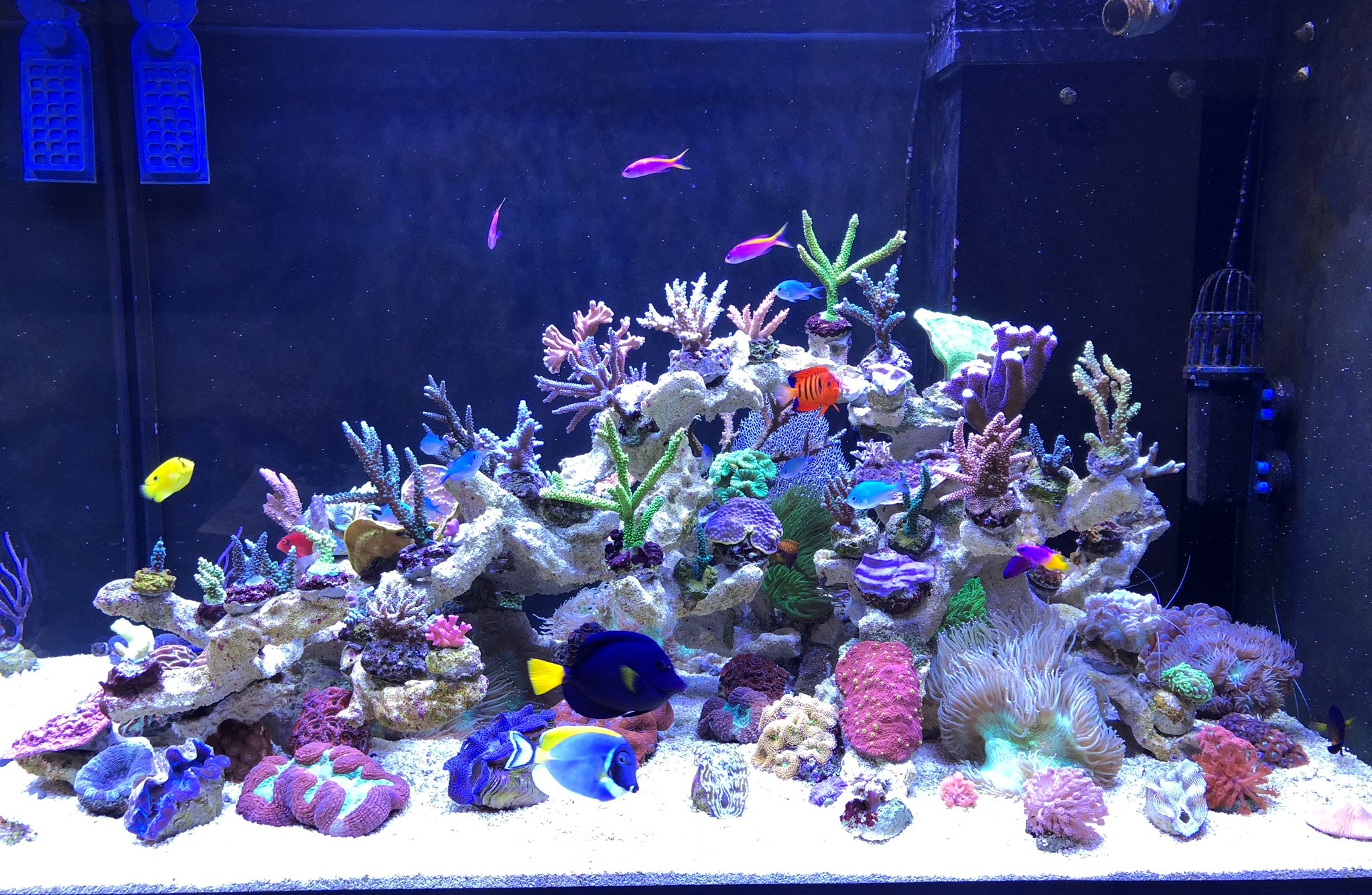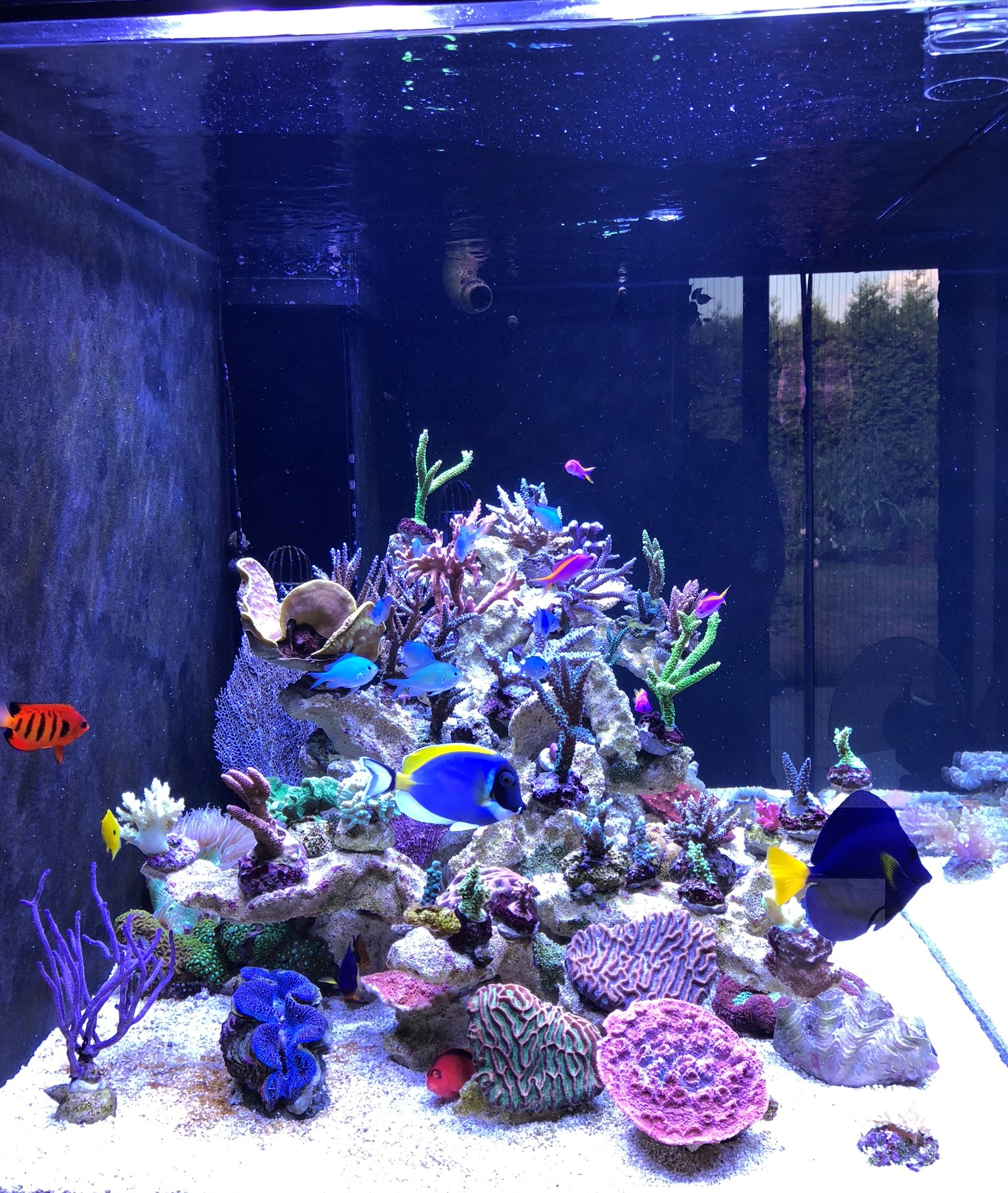 Becken steht jetzt seit Mai und wurde "langsam" hochgefahren, erste Fische und Korallen nach Woche 1.
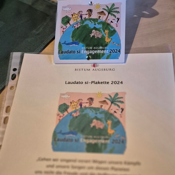 Seit zwei Jahren würdigt das Bistum Augsburg mit dieser besonderen Plakette Engagements, die den Werten der Enzyklika Laudato si von Papst Franziskus entsprechen. Mit der Auszeichnung in der Kategorie „Resilienz und Stärkung der Gemeinschaft“ wird unser langjähriger Einsatz für eine friedvollere Welt und die Stärkung der Gemeinschaft gewürdigt.
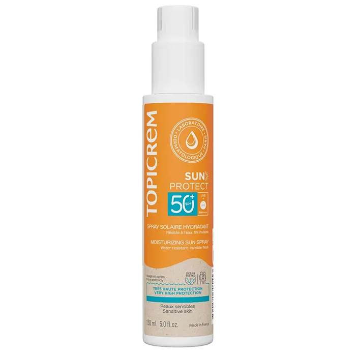 Топикрем Sun Protect Солнцезащитный увлажняющий спрей SPF50+ защищает чувствительную кожу всей семьи от 3-х лет благодаря органическим солнцезащитным фильтрам широкого спектра UVA/UVB лучей, обеспечивая очень высокий уровень защиты SPF50+.

**Exercise brief:** Word for word, retype the lines from the one that contains "Seit zwei Jahren" through the final line of the data, both ends included, excluding pictures.

**Your response:**
 Seit zwei Jahren würdigt das Bistum Augsburg mit dieser besonderen Plakette Engagements, die den Werten der Enzyklika Laudato si von Papst Franziskus entsprechen. Mit der Auszeichnung in der Kategorie „Resilienz und Stärkung der Gemeinschaft“ wird unser langjähriger Einsatz für eine friedvollere Welt und die Stärkung der Gemeinschaft gewürdigt.
 Топикрем Sun Protect Солнцезащитный увлажняющий спрей SPF50+ защищает чувствительную кожу всей семьи от 3-х лет благодаря органическим солнцезащитным фильтрам широкого спектра UVA/UVB лучей, обеспечивая очень высокий уровень защиты SPF50+.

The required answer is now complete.